Tuesday, April 19, 2011

A sweet, romantic story

Sorry to mislead you with that title, nothing sweet or romantic has happened to me lately. Rather I have contrived a sweet, romantic storyline (like the plot to a book or movie) inspired by something mundane that happened to me the other day at the airport. First I'll describe what happened, and then I'll go on to tell you the entirely fictional story plot. I was hesitant to post this because I am always concerned my friends and family will read too much into it and think I'm talking about myself or something, but suffice it to say that in my story, the main male character is merely based on exaggerations of me, and is in fact completely fictional.

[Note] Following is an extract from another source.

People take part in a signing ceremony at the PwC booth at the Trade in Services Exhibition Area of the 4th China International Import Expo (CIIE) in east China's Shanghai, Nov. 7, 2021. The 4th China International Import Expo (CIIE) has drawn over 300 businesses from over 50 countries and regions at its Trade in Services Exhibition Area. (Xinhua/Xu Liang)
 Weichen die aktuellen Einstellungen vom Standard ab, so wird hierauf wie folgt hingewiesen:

So here's what actually transpired:
On my way back from Albany I had a layover in Chicago, and as I meandered around Midway airport from one gate to the next, my mind started to wander. I was thinking, as I sometimes do, about meeting women (and in general, why I seem to have such problems with it), and I joked to myself "what are the odds I meet my future wife in some foreign airport?" Of course I then started devising some fantastical situation that would have to occur in order to make that happen. turns out it's not that terribly far fetched - I told myself "I dunno, maybe someone completely awesome could be moving to Tucson, and they happen to be going out there on my plane..." Then I pretty much forgot about it and started thinking about game stuff from the weekend.

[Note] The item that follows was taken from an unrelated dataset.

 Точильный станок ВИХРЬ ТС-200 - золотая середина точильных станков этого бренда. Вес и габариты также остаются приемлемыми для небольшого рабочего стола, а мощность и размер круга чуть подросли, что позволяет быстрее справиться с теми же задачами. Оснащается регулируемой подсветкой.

Then, when I got onto the plane thy were saying that it would be full, and rather than be stuck in a middle seat between 2 random large people, I noticed a seat between an average sized woman and a very skinny young girl, so I chose to sit there. Also, the girl was kind of cute, a bonus but not really relevant.

At some point the young girl and I started to talk, and managed to talk almost all the way to Tucson - she was a high school senior who would be going to the U of A next year to study biological engineering and robotics, and she was going to visit her future roommates and see where she'd be living or something. I kept thinking to myself that this girl was really smart and neat and interesting, and it was too bad she wasn't 10 years older.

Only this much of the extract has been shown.